Traduzir os pronomes não binários é o maior desafio toda vez que o livro é escolhido por uma editora estrangeira

  • G |No livro, você afirma que inicialmente não queria escrever nada biográfico, mas acaba publicando um livro de memórias. O que fez com que mudasse de ideia?

    Maia Kobabe |

    Acho que meu desejo de ser viste e conhecide ultrapassou o meu medo das consequências sobre ser aberte sobre a minha identidade. Eu decidi que valia a pena falar abertamente sobre meu gênero e sexualidade porque eu queria que as pessoas em minha vida me vissem como sou.

  • G |Qual foi a parte mais difícil de escrever? E desenhar?

    MK |

    As partes mais difíceis de escrever e desenhar foram as cenas do exame papanicolau. Foi bem desconfortável reviver essas memórias.

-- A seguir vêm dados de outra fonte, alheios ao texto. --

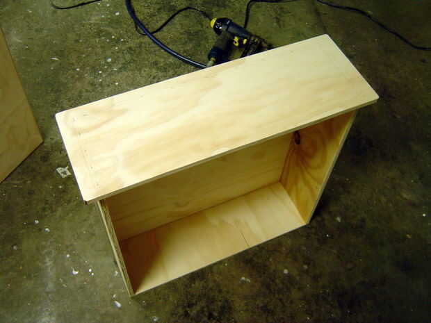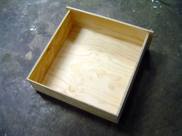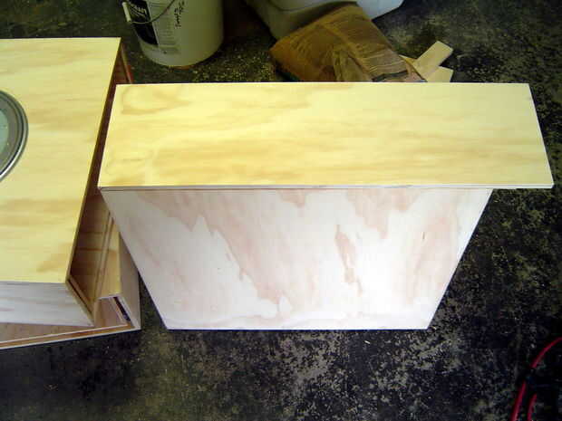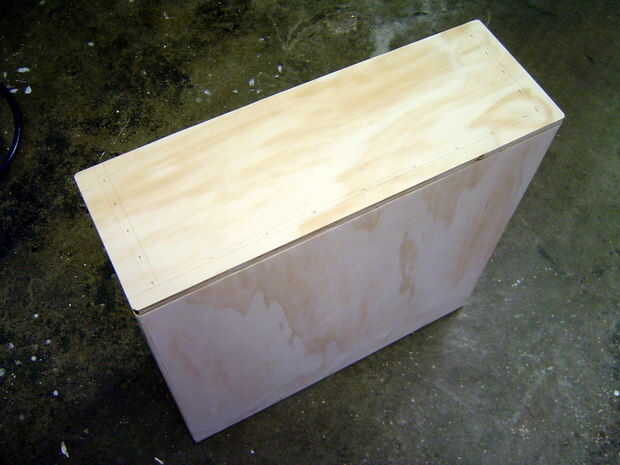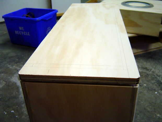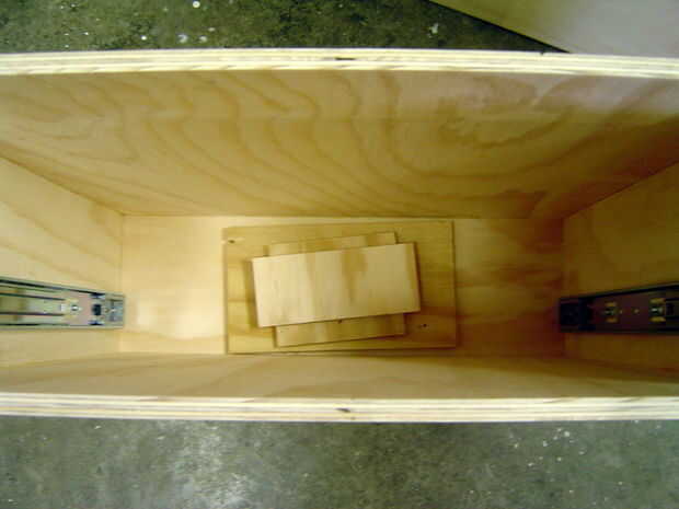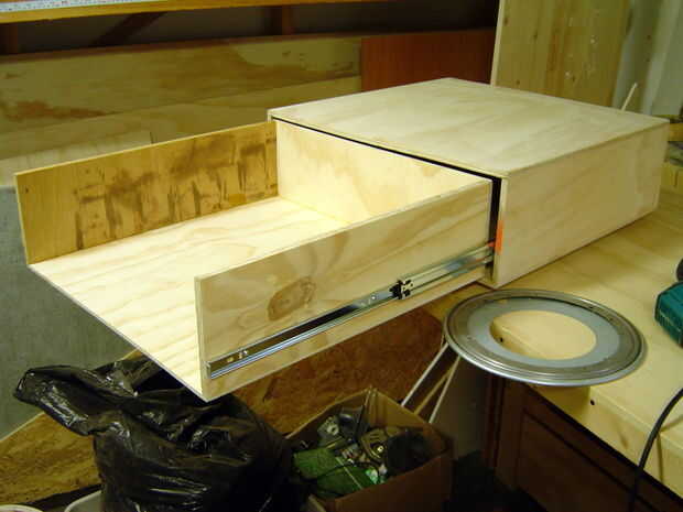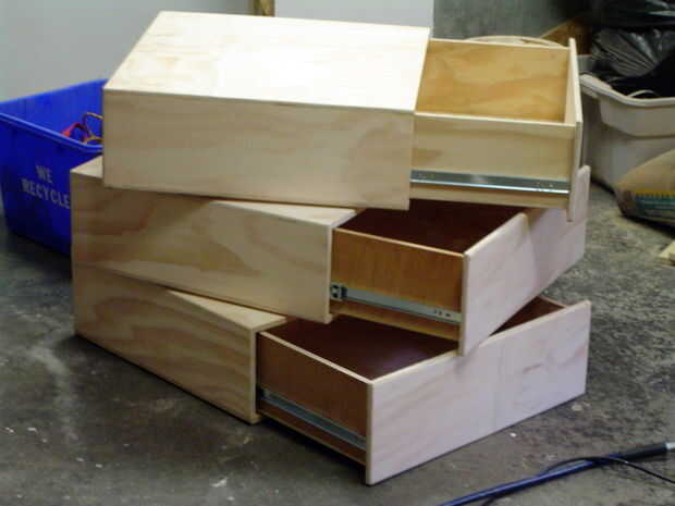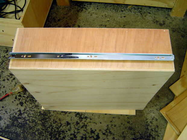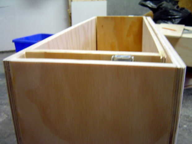 Coloque los cajones en las diapositivas y verifique el ajuste (si se deslizan y salen muy bien). Poner el caso en el extremo y algo cae detrás del cajón por lo que se sentará un poco orgullosos cuando está cerrado. El frente del cajón, y marca la línea y cortar para caber. Encolar y clavar el cajón, teniendo cuidado con los clavos (recomiendo transferir las líneas a la parte delantera para evitar errores). Los cantos del frente del cajón para emparejar el caso, eliminar la parada y la arena, rellenar y la arena otra vez.
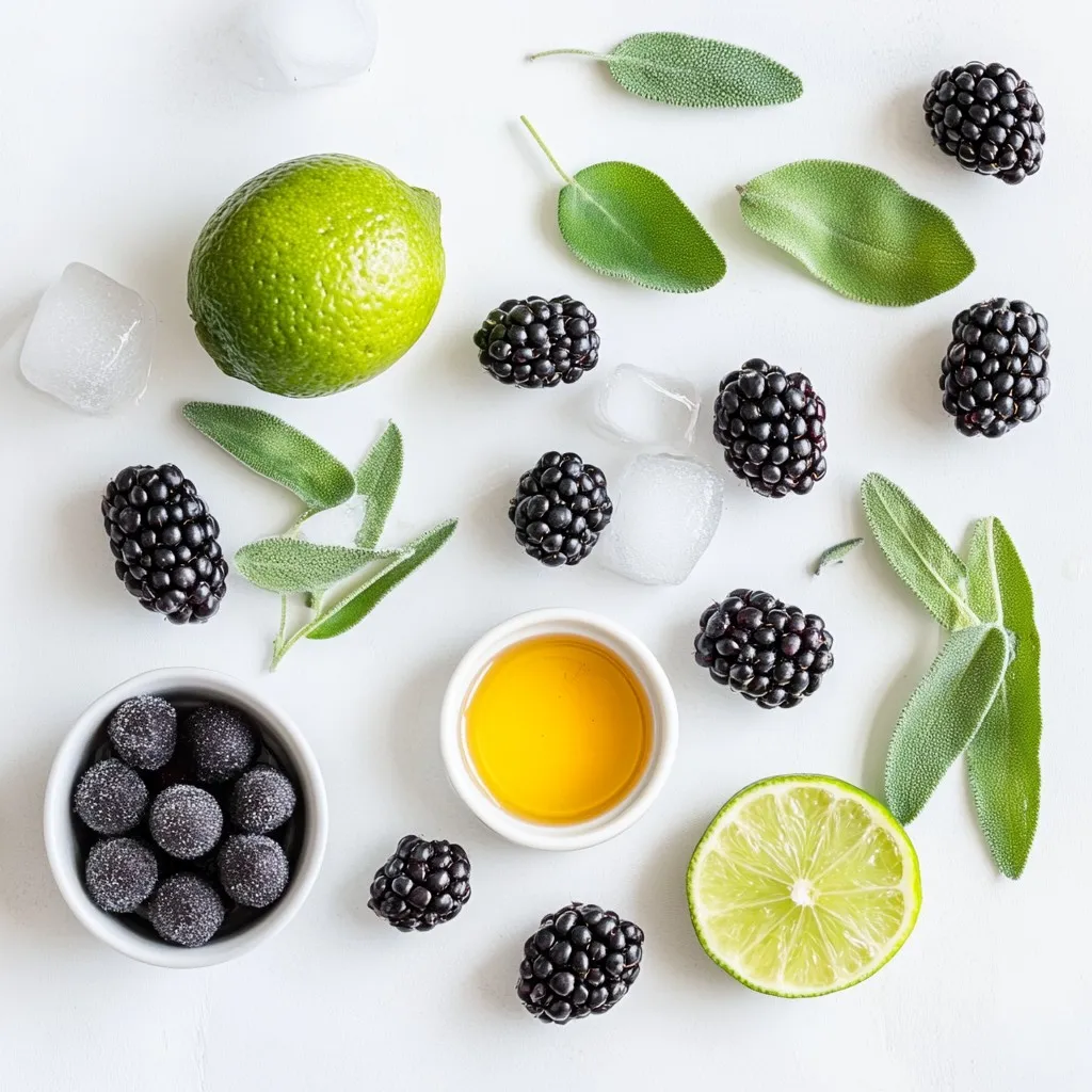 Use 6 fresh sage leaves in your mocktail. Sage adds a unique flavor and aroma. It pairs well with the blackberries, making the drink special. Keep an extra sprig for garnish if you like.
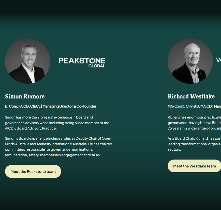 We designed a sleek one-page website to unify Westlake Governance and Peakstone Global under Global Governance Advisory. The brief: keep it sharp, simple, and strategic.
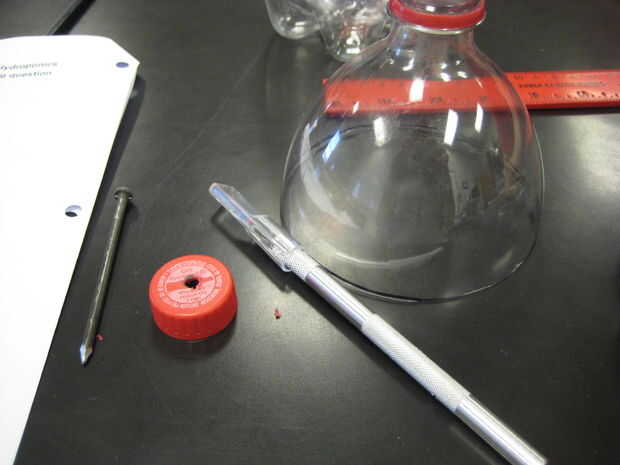 Dejar la tapa en la parte superior de la botella o use un banco de trabajo protegidos para no dañar la mesa.
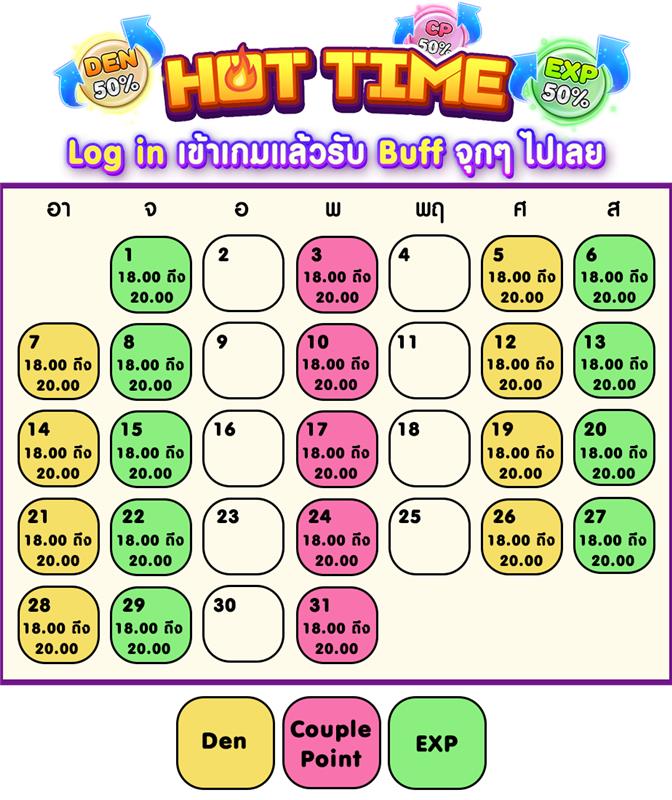 🔸Buff ที่ได้รับจะแสดงผลอัตโนมัติเมื่อเข้าเล่นในช่วงวันและเวลาที่กำหนด
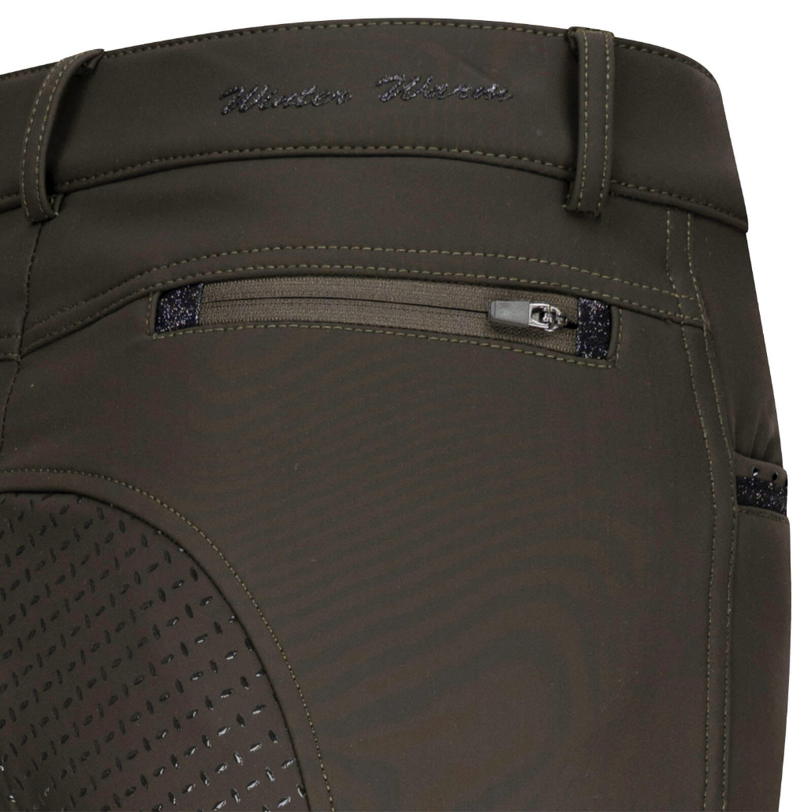 Die Winterreithose präsentiert sich in einem modisch-zeitlosen Army-Grün, das nicht nur gut aussieht, sondern auch vielseitig kombinierbar ist. Der Full-Grip-Besatz sorgt für optimalen Halt im Sattel, während das schlanke Design eine elegante Silhouette zaubert. So bist du nicht nur funktional, sondern auch stilvoll unterwegs.
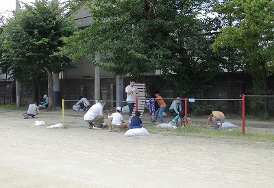 9月3日(日)の午前中,運動場では,施設利用協議会の皆様が草引きや溝掃除をしてくださいました。

  • G |Você nos conta que é uma pessoa muito tímida, mas escreveu um livro muito aberto, que foi banido em muitos estados americanos. Você esperava essa reação? Como lidou com ela?

    MK |

    Eu me preparei para alguma reação, não sou tão ingênue, eu sempre estive consciente de que as narrativas queer costumam receber críticas nos Estados Unidos. Mas não esperava que a reação fosse tão grande como tem sido. Eu tenho levado um dia de cada vez, e com muito apoio. Meu agente tem sido incrível, tenho muitos amigos que me acompanham e muitos outros autores entraram em contato para dizer que me apoiam e que estão enfrentando alguns dos mesmos desafios. Ajuda muito saber que não estou só nessa.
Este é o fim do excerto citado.